Errata and clarification: Xserve heat, noise and power

news
Nov 17, 20066 mins

This errata to my Xserve review is not a result of any feedback from Apple Computer.

Yesterday, working with a new reference workstation from AMD gave me a reason to put a 2U Woodcrest (3 GHz Core 2 Duo Xeon) white box server back in my rack. When I benchmarked the Intel and AMD machines against each other, the AMD absolutely blew the wings off the Xeon box. The margin was way too wide to credit to AMD’s engineering ingenuity. I uncovered a serious flaw in that Woodcrest 2U server that invalidates the testing I’ve done on it to date. That server was the baseline for the noise, heat and power tests I ran on Xserve. I have re-run the tests from scratch and my findings are below.

For those interested, I detail the problems I found with the Woodcrest 2U server and the fixes I applied and the end of this post.

After the fixes, the 2U Woodcrest server’s power utilization characteristics were a much nearer match for Xserve’s. The white box’s power floor rose to around 280 watts, within reasonable reach of Xserve’s 300 watt floor. The white box’s power ceiling rose to around 400 watts, right in line with Xserve.

Noise was a tougher nut to crack than power because the chassis are so different. I originally gave Xserve a non-scientific statistical handicap for being a 1U server: A 1U server requires more and smaller fans spinning at higher RPMs than a 2U server with identical components. And of course, 1U offers the unique benefit of doubling rack density. Compared to the white box’s original measured 56 dBA, Xserve’s 65 dBA was reasonably classified as “loud.” Remeasuring the white box after the fixes were applied, its highest sound pressure level rose to 61 dBA. A 5 dBA difference is easily perceptible, but I would judge Xserve’s noise level to fit within the 1U/2U handicap.

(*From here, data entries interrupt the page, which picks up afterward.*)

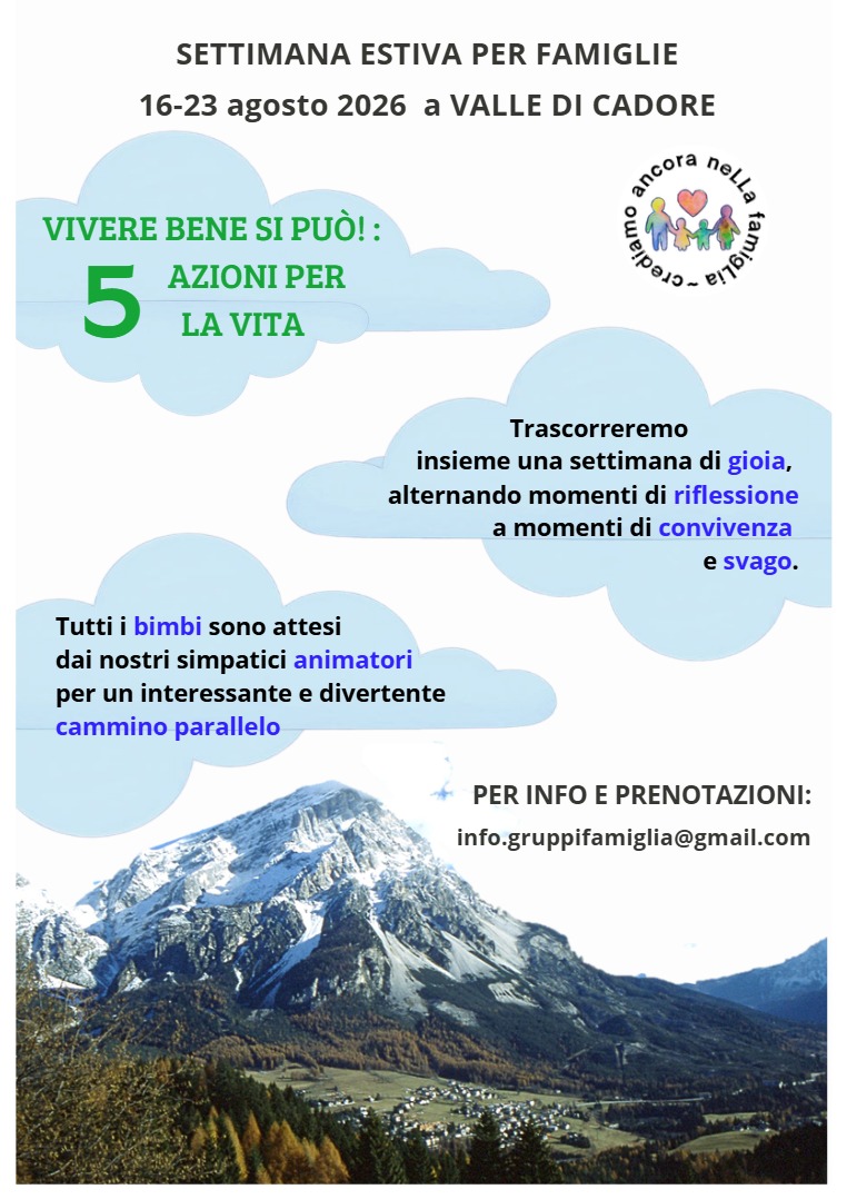 Campi estivi per famiglie 2025 Anche quest'anno il Collegamento Gruppi famiglia organizza un campo estivo: 10-17 agosto Barcis (Pordenone) Tema: Intelligenza artificiale. Indicazioni per l'uso. Relatori vari Info: Fiorenza e Antonio Bottero, 340 5195718, 375 6066265, antoniobottero@alice.it Per i campi proposti da Cuneo e da Caresto cliccate qui! |
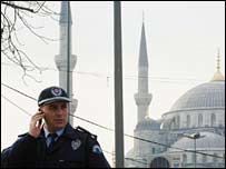 Цю зустріч додали до графіку візиту Папи Римського в останню хвилину, і вбачають її як примирливий жест з боку турецької сторони. Напередодні турецький прем’єр наполягав, що в час візиту Папи перебуватиме на самміті НАТО у Ризі. Зустріч понтифікат з Реджепом Ердоганом тривала близько двадцяти хвилини і була спрямована послабити напруження і надати візиту понтифіка позитивний тон. Папу гостро критикували за його висловлювання, в якому він ніби пов’язав насильство і Іслам. Сьогодні Бенедикт 16 сказав турецькому прем’єру, що прибув для налагодження дружніх зв’язків та побудови так званого мосту між різними культурами та релігіями. Минулими вихідним десятки тисяч людей вийшли на вулиці Стамбула із закликами до Бенедикта ХVI або взагалі не приїздити до Туреччини, або вибачитися за його висловлювання, в якому Іслам нібито пов’язувався зі злом та насильством. В інтерв’ю кореспондентові Бі-Бі-Сі голова Української Греко-католицької церкви кардинал Любомир Гузар назвав візит понтифіка до Туреччини мужнім кроком і висловив надію на те, що він сприятиме порозумінню між двома релігіями. | Також на цю тему Папа Римський відвідує Туреччину28 листопада 2006 | Головна сторінка Папа про одруження священиків16 листопада 2006 | Головна сторінка Папа закликав релігії відмовитися від насильства25 вересня 2006 | Головна сторінка Папа жалкує з того, що міг образити мусульман16 вересня 2006 | Головна сторінка Мусульмани обурені заявами Папи про іслам 15 вересня 2006 | Головна сторінка | ||||||||||||||||||||||||||||||||||||||||||||||||||||||||||||||||||||||||||||||||||
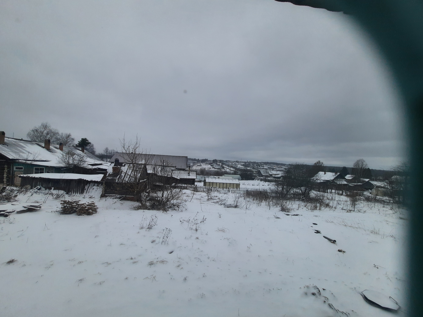 The image depicts a snow-covered rural scene, likely in the vicinity of Krasnogorskoye, Russia. Several wooden buildings, including houses and sheds, are visible in the background and midground. The r…read more
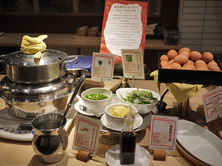 ぼろぼろジューシー、トッピング用のねぎ、フーチーバー(よもぎ)、温泉卵。
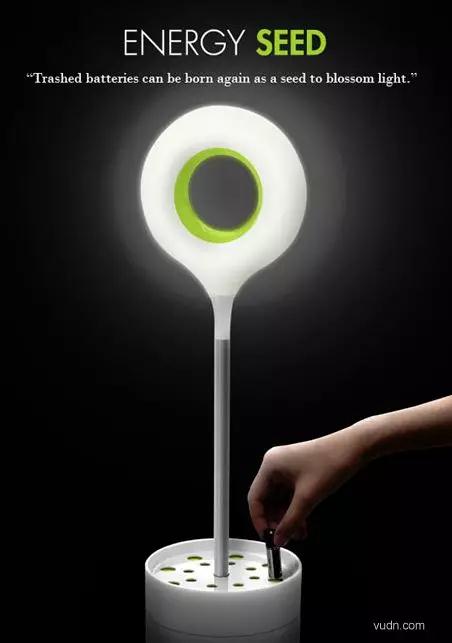 众所周知,电池中的碱对土地的破坏是不可估量的,因此需要对电池作回收利用处理,但是目前来说,回收利用电池的渠道与方式并不多,因此设计师尝试设计了一款废电池收集箱兼路灯energy seed,相信能够受到欢迎。
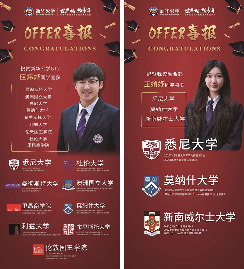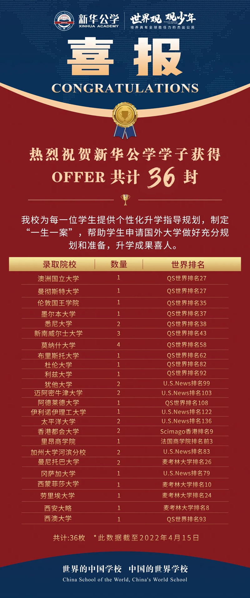 在競爭異常激烈的申請(qǐng)季里,新華學(xué)子表現(xiàn)不俗,收獲了豐碩的成果。2021-2022學(xué)年新華公學(xué)迎來首屆12年級(jí)畢業(yè)生,9名學(xué)生一共收獲36枚Offer,其中不乏世界TOP10名校。
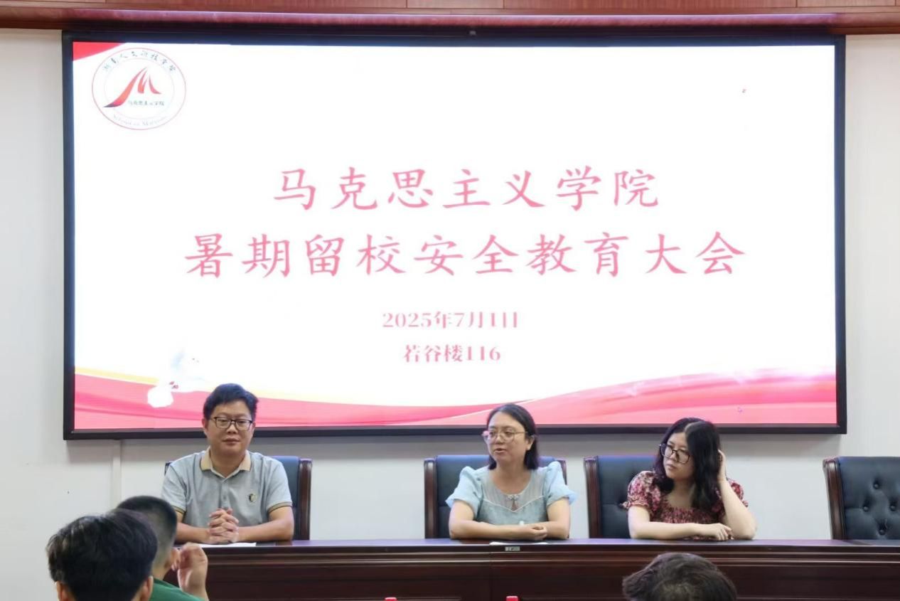 7月1日上午,马克思主义学院在若谷楼116召开学生暑期留校安全教育大会。党总支副书记阳青、学工办主任张得才、辅导员谢家玉,以及全体暑期留校学生参加会议。会议由张得才主持。

I decided to take an entirely different tack with heat. I hypothesized that Xserve’s heat, not getting blown far from its chassis by the strong exhaust fans common to other designs, was pooling at the back, causing the steel at the rear of the machine to get quite hot (118 degrees F was my highest external reading, and I expect it’s hotter inside). I surmised that the hot case metal warms thermal sensors that consequently make the fans spin faster. That would explain why Xserve’s fan speeds rise in a sort of “runaway” pattern. It takes a lot of extra oomph for even a big gang of little fans to cover the distance from the drive bays to the back panel, and it’s not as if there’s nothing in the way. By the time the forced air makes it to the back of the case, it’s reduced to a puff, and the case metal turns into a radiator.

It was a lot easier to test this hypothesis than it was to come up with. I clamped a small desk fan to the rear left corner of Xserve and positioned it to blow air horizontally across the rear panel. It was a kludge and I know that a more elegant solution would produce more dramatic results, but I proved my theory. My measure of effectiveness was Xserve’s fan RPM. Within about 20-30 seconds of turning on the external fan, Xserve’s internal fans began slowing down. The fans still spun up to react to increases in demand, but the fan speed curve fit the rise and fall of compute demand more tightly.

Incidentally, Xserve took a good couple of minutes to react to turning off the external fan. Perhaps it takes a while for the metal to heat up again.

I’m intentionally leaving out a lot of details, like testing first with lowered room temperature and nosing Xserve directly into the chilled air path, and turning on a powerful ceiling fan. None of these worked as consistently as the breeze across Xserve’s backside. I’m sure that admins will write me to say that anyone worth his or her salt makes sure that there is a brisk airflow behind machines, or that they use closed racks with strong and constant forced air. Anyone running Xserve in an enterprise data center or high-performance computing cluster doesn’t need to give Xserve any special consideration.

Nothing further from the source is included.